I am an optimist.  Over the last several months I have been reflecting on what this means and how it is shaping how I manage during these inexplicable times, on both personal life challenges, but also what I see as existential questions about community, society, culture.

My optimism is an emotional tool that helps me to believe in and seek a better path forward.  This ranges from always wanting to see the best in a person, as well as always looking for the upside of a situation.  This is not to be confused with having rose colored glasses.  I understand and see reality and problems.  I look for a better answer and for others who believe in hope.  Yet, my belief that people will act with an intention for good, and with integrity beyond what is right for themselves, but right for the greater good has been tested.  Again, both personally and existentially.

When an optimist is challenged by the reality of human actions based in fear, hate, narcissism and self-preservation, it tests our core belief that good exits.  I have felt devastated over the news of mass killings, assassination attempts, of voter suppression, and oppression, of our global environmental crises, asylum seekers being separated from their children…and yes dot dot dot.   I am also saddened by the everyday behavior I see in people lacking the ability to pause in their hurried lives to say hello and just be nice.  Or the quick to judge comments on facebook and twitter posts without wondering, “is there more to this conversation”?  I am sometimes that person.

I am much more deeply worried about a world where we are seeing unprecedented suicide rates in teenagers, especially girls.  Our children!  Feeling so much anxiety, and feeling so alone they have no hope…

And I wonder how did this happen?

I don’t sleep as much.

I am anxious.

When the amygdala takes over even an optimist sinks to survival mode.  When hope seems extinguished, and cynicism starts to crowd in it feels overwhelming and dark.  Hopeless.  Alone.  And I, the optimist fight the rising need to wrap myself in a self-preservation blanket.

Except there is no warmth in that blanket.  It serves no one, not even me.  It is based in fear, and triggers fight, flight, freeze. Fear wins!

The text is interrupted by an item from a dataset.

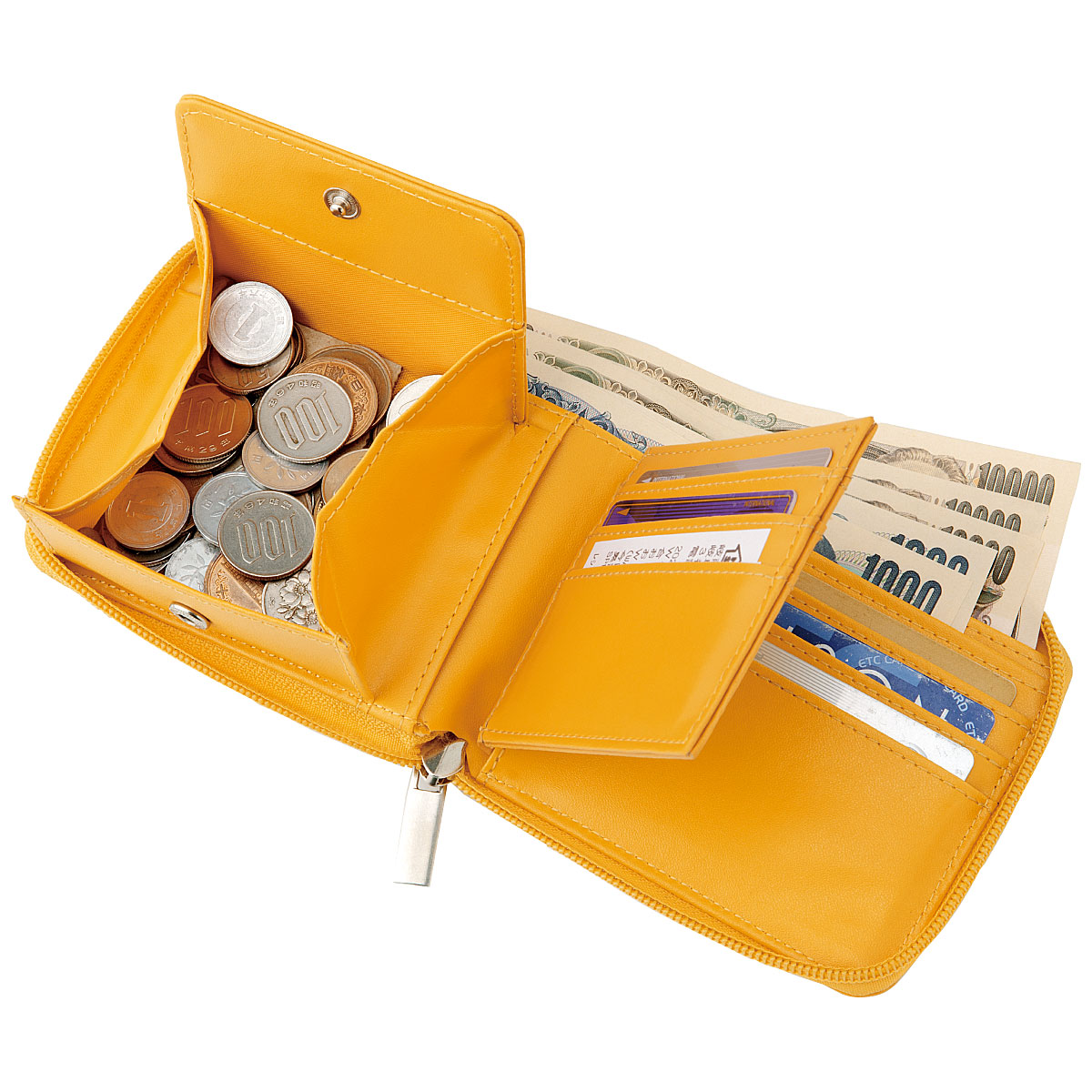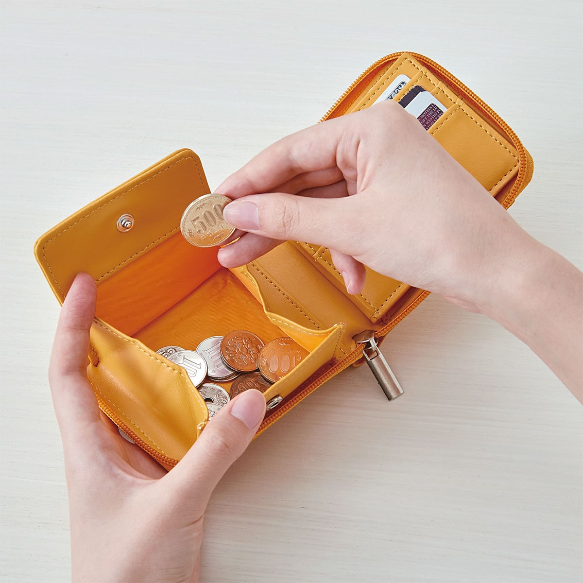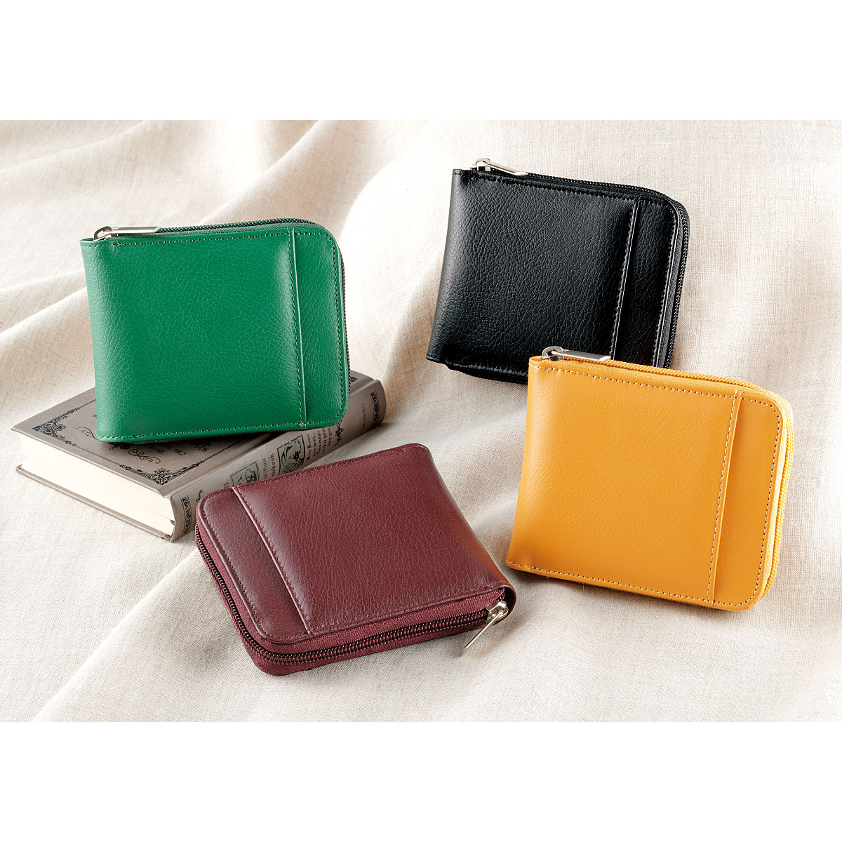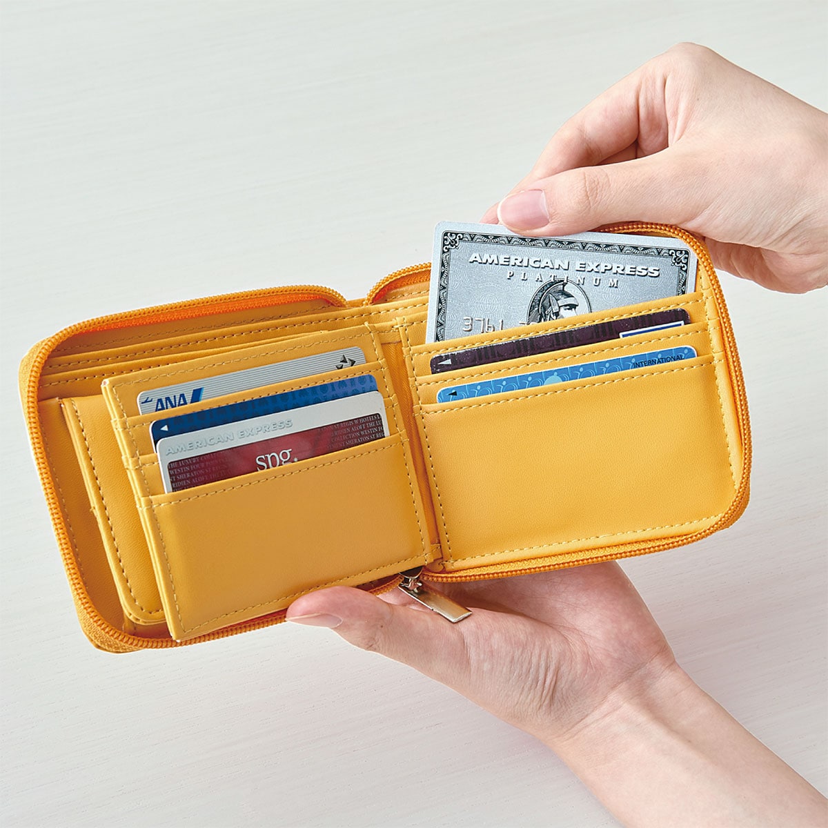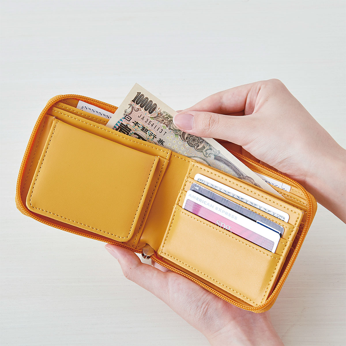コンパクトサイズで使い勝手の良い2つ折りラウンドファスナー式のウォレット。男女問わずご使用いただけます。ーデザインーコンパクトなのに収納力はたっぷりで、コロンと可愛いスタイルが魅力です。大きく開く小銭入れ、9個のカード入れなど、機能性も申し分なし。外側には、交通系ICカードやポイントカードなどよく使うカードを収納するのに便利なポケット付き。

Here is the thing about an optimist.  We may overlook the bad signs for a while.  But we don’t ignore them entirely.  And when the cynicism begins we may allow ourselves to feel like a victim, but not for long.  We eventually figure out a way to harness the energy and resources to take a step forward until we can feel the wind on our back that supports us to move forward effortlessly.  And then we share that wind with others, lifting us to a stronger and more energized space.

The strength of optimism is getting up the next day and using the energy of this amazing competency to power hope again.  I will not curl up, I will rise up.  I will vote.